In 2015 students and staff occupied the administrative buildings at the University of Amsterdam (UvA) as a protest against budget cuts and a move towards greater democracy. Students of colour also mobilised using the slogan “No democratization without decolonisation”. This prompted the UvA to put decolonisation on its agenda by establishing a Commission for Diversity leading to the publication of Let’s do diversity: Report of the University of Amsterdam Diversity Commission (2016).

 Sandew Hira, Co-ordinator of the Decolonial International Network (DIN) undertook a decolonial review of the UvA’s report critiquing it on two main fronts: the conceptual and the methodological. On the conceptual front Hira argues that the report focuses disproportionately on intersectionality and the notion of diversity thereby serving to marginalise the issue of race and racism. Hira has written elsewhere in greater depth about the deficiencies of focusing on intersectionality in decolonisation discourse and practice.

 In this brief piece, we will reflect on Hira’s critique of the methodology that was deployed by the UvA. Hira argues that in adopting a positivistic methodological framework, the report marginalises the experiences of students and staff of colour.  Components of UvA’s methodology as criticised by Hira include closed questions, not talking explicitly about race and racism, giving equal weighting to the experiences of discrimination of white and people of colour without regard for systematic discrimination on the basis of skin colour and, interpreting low or negative responses to questions about whether or not individuals had experienced racial discrimination as a sign that things were not so bad.      

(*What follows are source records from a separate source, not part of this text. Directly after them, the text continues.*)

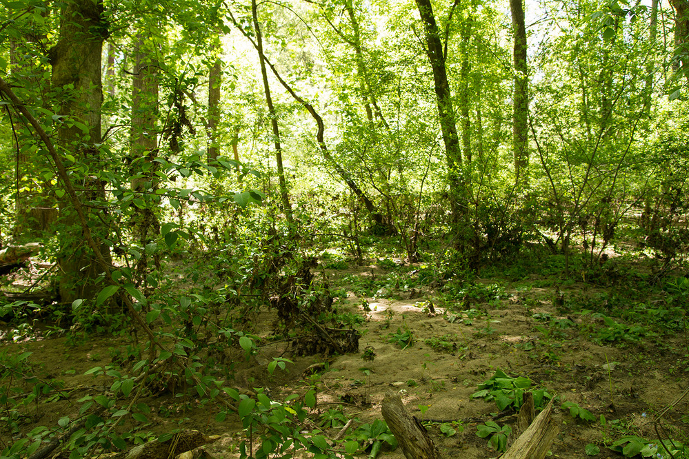 Floodplain communities are "scoured" by flood waters frequently. Inhabitants must be able to tolerate disturbance and saturated soil. Note the debris left 2+ ft high in the shrubs, showing the height of the recent flood waters.Photographer: Sam Sheline, courtesy of NatureServe; Tuliptree Small-Stream Floodplain Forest on Valley Trail/Black H; Stream and Riparian (Central Appalachian);
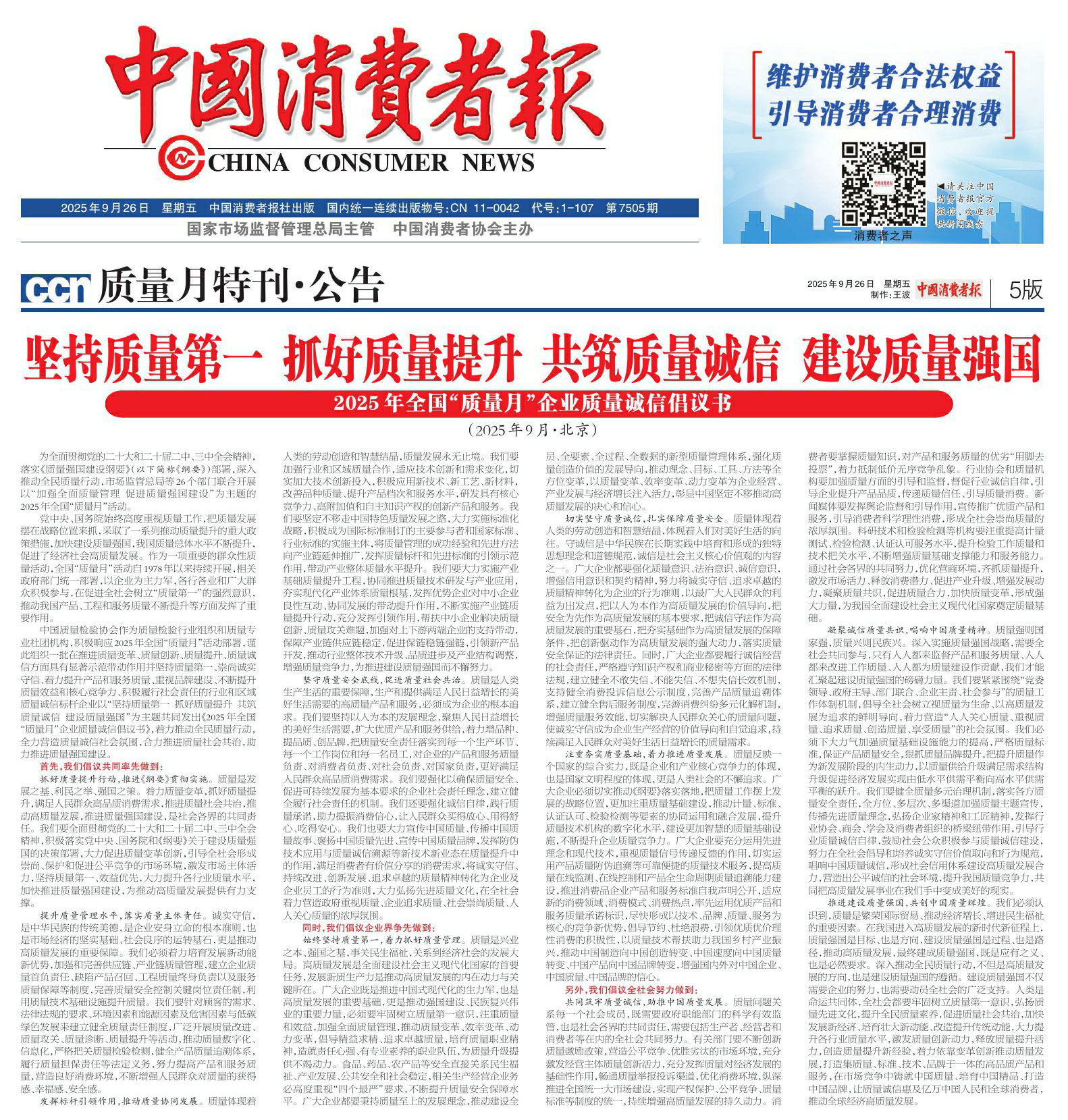 - 《中國質(zhì)量報(bào)》(2025年9月26日刊)發(fā)布:堅(jiān)持質(zhì)量第一 抓好質(zhì)量提升 共筑質(zhì)量誠信 建設(shè)質(zhì)量強(qiáng)國——2025年全國“質(zhì)量月”企業(yè)質(zhì)量誠信倡議書(2025年9月·北京)
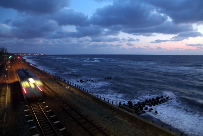 雲多めですが、なかなかいい感じの黄昏空。遠くに室蘭の町の灯り、荒れ気味の噴火湾。去りゆくテールランプは哀愁がありますね。
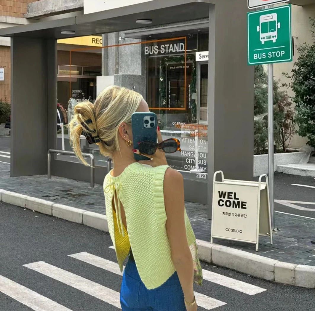 Knit Tie Back Sleeveless Open Back Knitted Top for Women

 From Hira’s analysis the following observations can be drawn:

  1. Though important in helping us to understand the compounding effects of multiple oppressions, intersectionality can divert attention from truly appreciating the impact of individual, cultural and institutional racism, both overt and covert, on BAME lives.
  2. Decolonisation methodologies need to start from the centrality of race and racism, a perspective that is held also by proponents of Critical Race Theory.
  3. Racism is a reality for BAME communities. Research and policy initiatives have to start from this basis rather than come across as if we are still trying to establish whether or not racism exists – otherwise every time BAME (and white) experiences of race and racism are investigated, it will seem as if we are investigating something with which we are not familiar or, are doing this for the first time.
  4. Finally, the decolonisation methodology calls for actively listening to the voices of the oppressed and marginalised. This includes placing these voices and lived experiences at the centre of analysis rather than the inquisitiveness of the researcher or the learning and development needs of white participants.